- _What to do_:
Although the records contain pictures, print none of them; print exactly the lines from the one with "醫(yī)藥外包概念走強,康" through the last line.

Data records:
*** Begin section ***
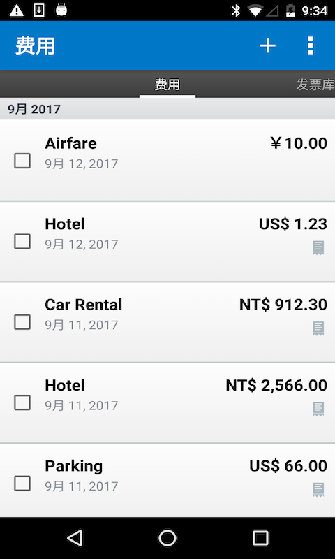 *在飞行模式下或在联网时拍摄发票照片并编辑费用
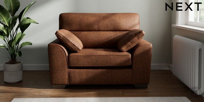 7.3.1 Buy Stamford Highback Snuggle Monza Faux Leather Easy Clean Chestnut Brown Large Square Angle - Gunmetal from the Next UK online shop Click here to use our accessible website
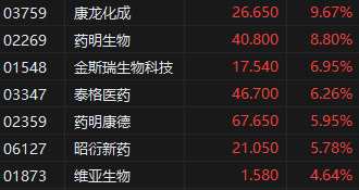 醫(yī)藥外包概念走強,康龍化成(300759)漲超9%,藥明生物漲超8%,泰格醫(yī)藥(300347)、維亞生物等跟漲。消息面上,醫(yī)藥股受益于6月份美國CPI和核心CPI均低于預期,并且CPI同比增速創(chuàng)下自2021年3月以來的最低漲幅。市場認為這是加息預期放緩的表現(xiàn)。此外,醫(yī)藥行業(yè)對利率調整非常敏感。
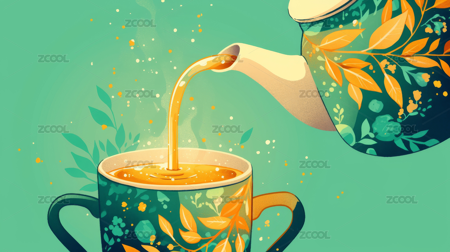 卡通,插画,插图,茶文化,茶叶,泡茶,茶道,茶,绿茶,红茶
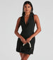 Bring only chic vibes in this on-trend fitted vest dress. It features a sleeveless bodice. a V-neckline with a lapel collar. a button-down front. and a mini-length silhouette. Style this crepe-woven dress with an embossed handbag and strappy heels.
*** End section ***
- _Solution to this task_:
 醫(yī)藥外包概念走強,康龍化成(300759)漲超9%,藥明生物漲超8%,泰格醫(yī)藥(300347)、維亞生物等跟漲。消息面上,醫(yī)藥股受益于6月份美國CPI和核心CPI均低于預期,并且CPI同比增速創(chuàng)下自2021年3月以來的最低漲幅。市場認為這是加息預期放緩的表現(xiàn)。此外,醫(yī)藥行業(yè)對利率調整非常敏感。
 卡通,插画,插图,茶文化,茶叶,泡茶,茶道,茶,绿茶,红茶
 Bring only chic vibes in this on-trend fitted vest dress. It features a sleeveless bodice. a V-neckline with a lapel collar. a button-down front. and a mini-length silhouette. Style this crepe-woven dress with an embossed handbag and strappy heels.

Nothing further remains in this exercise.